Document that GLPK/exact can be inexact

Author: ed359

src/sage/numerical/backends/glpk_backend.pyx

@@ -1012,10 +1012,14 @@ cdef class GLPKBackend(GenericBackend):
         (`get_col_dual` etc.) or tableau data (`get_row_stat` etc.),
         one needs to switch to "simplex_only" before solving.
 
-        GLPK also has an exact rational simplex solver.  The only
-        access to data is via double-precision floats, however. It
-        reconstructs rationals from doubles and also provides results
-        as doubles.
+        GLPK also has an exact rational simplex solver.  The only access
+        to data is via double-precision floats, which means that
+        rationals in the input data may be rounded before the exact
+        solver sees them.
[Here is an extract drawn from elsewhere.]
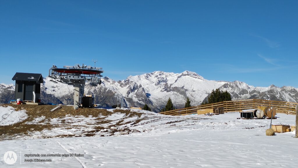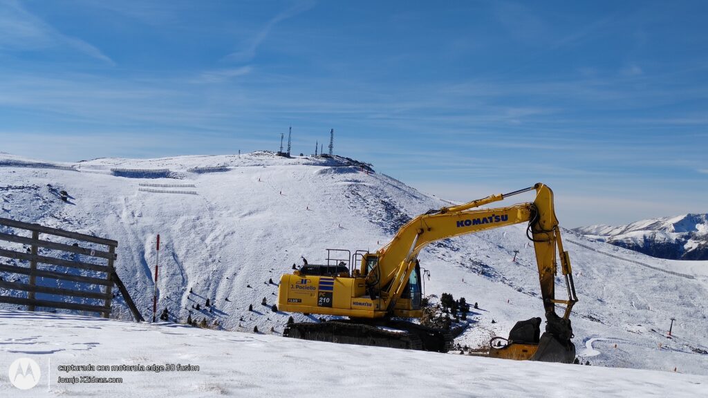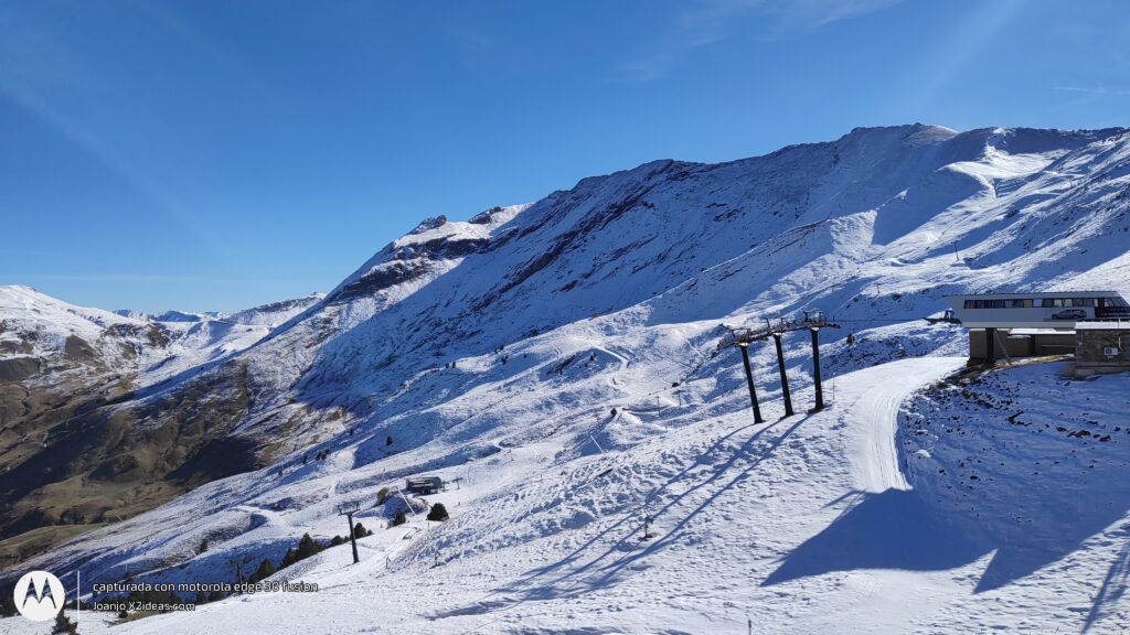Hoy tocaba ciclar un rato y aprovechamos a pisar nieve y ver los avances del Telesilla de 4pax de Sarrau, las sillas aún en el parking de Molino, pero ya se ha lanzado el cable.

Thus, it is unreasonable to expect that
+        arbitrary LPs with rational coefficients are solved exactly.
+        Once the LP has been read into the backend, it reconstructs
+        rationals from doubles and does solve exactly over the rationals,
+        but results are returned as as doubles.
 
         EXAMPLES::
 

src/sage/numerical/backends/glpk_exact_backend.pyx

@@ -19,9 +19,13 @@ cdef class GLPKExactBackend(GLPKBackend):
     """
     MIP Backend that runs the GLPK solver in exact rational simplex mode.
 
-    The only access to data is via double-precision floats, however. It
-    reconstructs rationals from doubles and also provides results
-    as doubles.
+    The only access to data is via double-precision floats, which
+    means that rationals in the input data may be rounded before
+    the exact solver sees them. Thus, it is unreasonable to expect
+    that arbitrary LPs with rational coefficients are solved exactly.
+    Once the LP has been read into the backend, it reconstructs
+    rationals from doubles and does solve exactly over the rationals,
+    but results are returned as as doubles.
 
     There is no support for integer variables.
     """